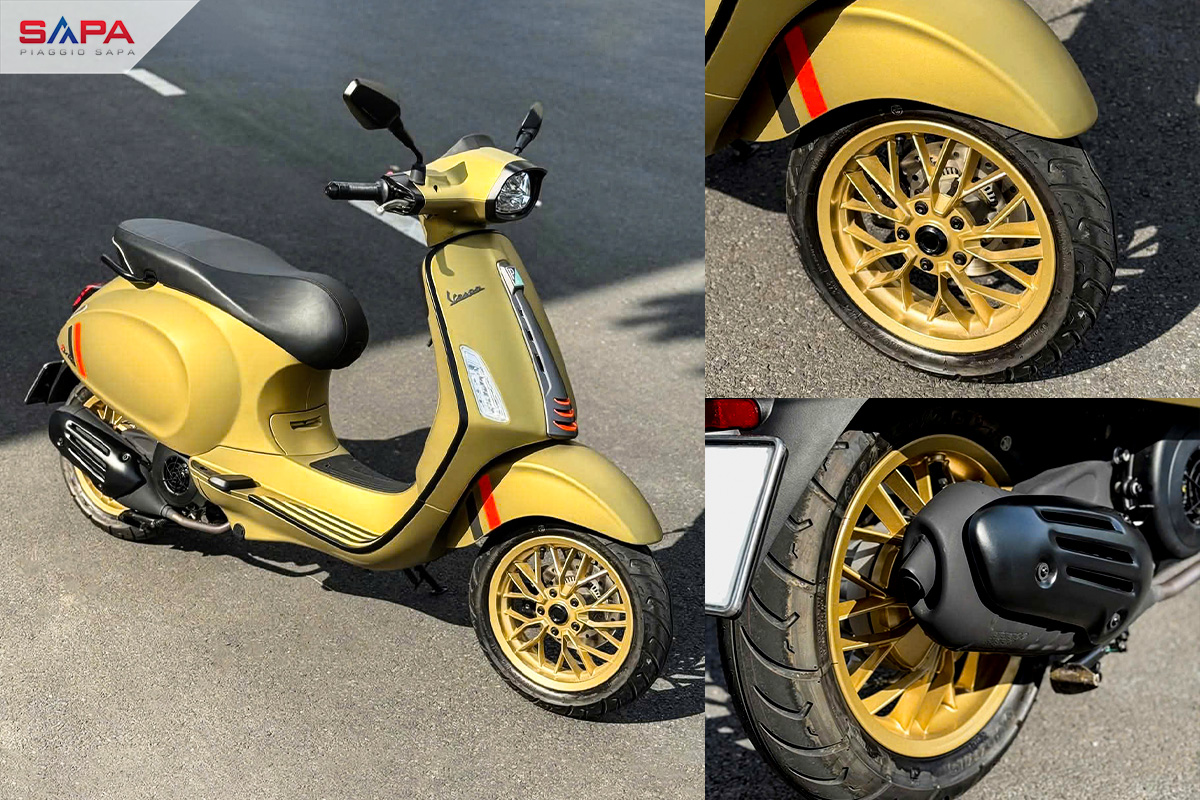 Mâm được sơn màu vàng đồng ánh kim mang đến vẻ đẹp sang trọng, cá tính và đậm chất thời trang Ý, giúp chiếc xe nổi bật trên mọi hành trình.
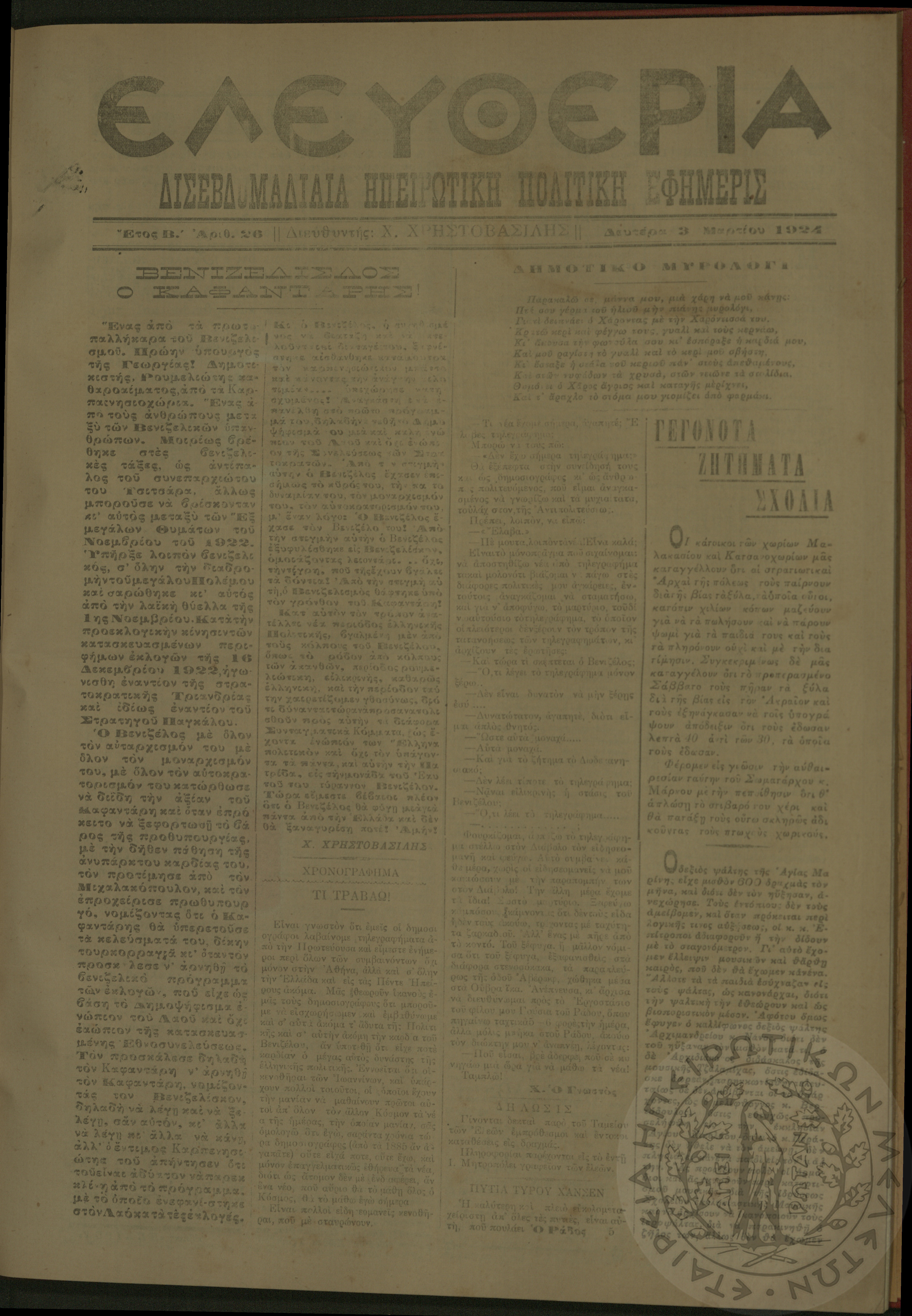 Ελευθερία: δισεβδομαδιαία Ηπειρωτική πολιτική εφημερίς, 1924, φ. 26
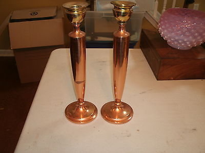 BEAUTIFUL ANTIQUE PAIR CANDLESTICKS COPPER & BRASS
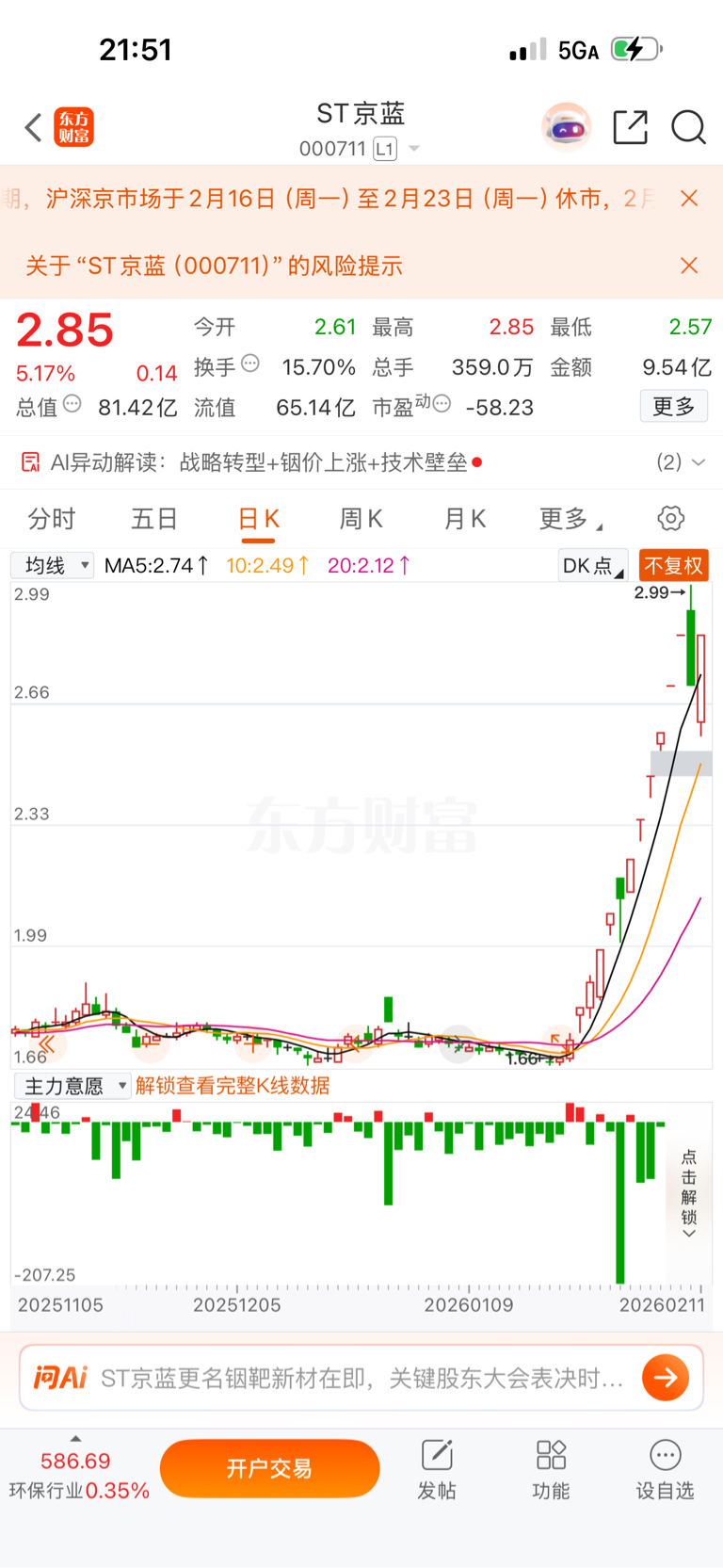 $*ST立方(SZ300344)$ 立方百分之百要退市,京蓝明天股东大会改名叫铟靶新材,稀有金属铟的龙头,未来有可能上个几十块,拭目以待吧

★ ★ ★

Problem requirements:
Please return each line of the listing exactly as written, excluding the images.

Answer:
 Mâm được sơn màu vàng đồng ánh kim mang đến vẻ đẹp sang trọng, cá tính và đậm chất thời trang Ý, giúp chiếc xe nổi bật trên mọi hành trình.
 Ελευθερία: δισεβδομαδιαία Ηπειρωτική πολιτική εφημερίς, 1924, φ. 26
 BEAUTIFUL ANTIQUE PAIR CANDLESTICKS COPPER & BRASS
 $*ST立方(SZ300344)$ 立方百分之百要退市,京蓝明天股东大会改名叫铟靶新材,稀有金属铟的龙头,未来有可能上个几十块,拭目以待吧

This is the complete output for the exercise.